=== Provided data ===
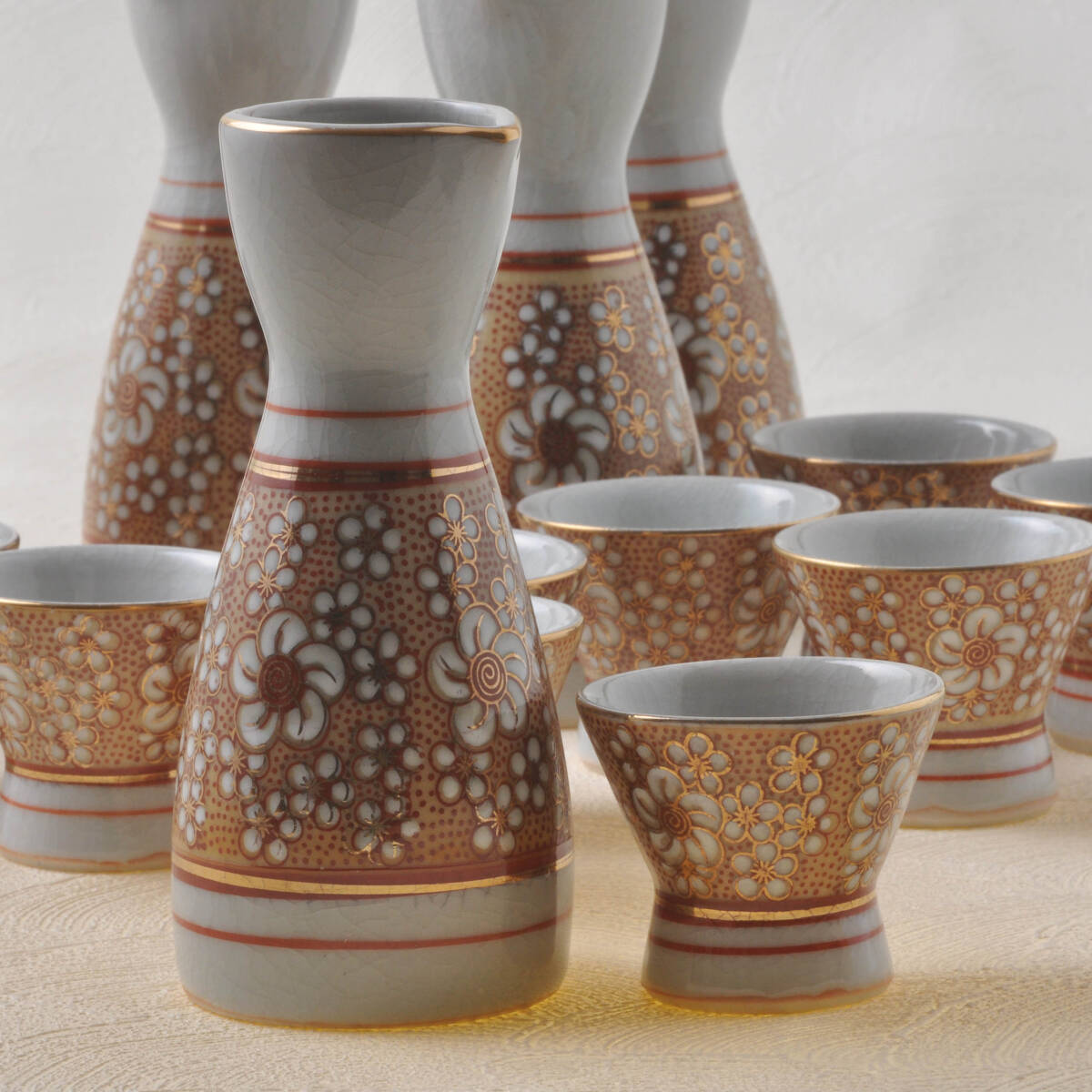 - 九谷焼 酒器揃 総梅十客 古陶器 花柄 金彩 赤粒 時代物 ヴィンテージ 蔵出し おもてなし
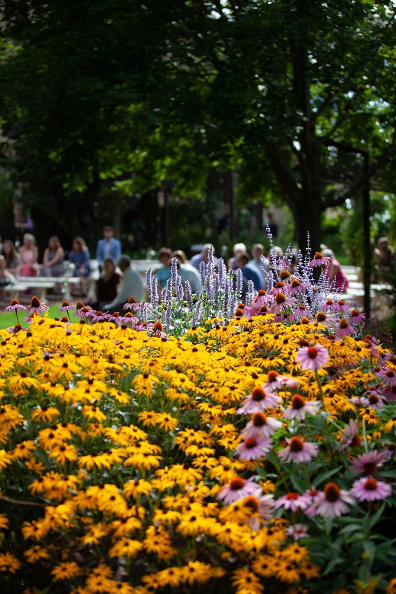Bench seating, lush floral gardens and a raised altar
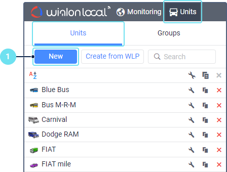 1. Select the Units mode using a switch and click New.
===
Assigned task:
Beginning with the line that holds "Bench seating, lush", extract every line to the end of the material, exactly as it stands, and drop the pictures.

The completed task:
Bench seating, lush floral gardens and a raised altar
 1. Select the Units mode using a switch and click New.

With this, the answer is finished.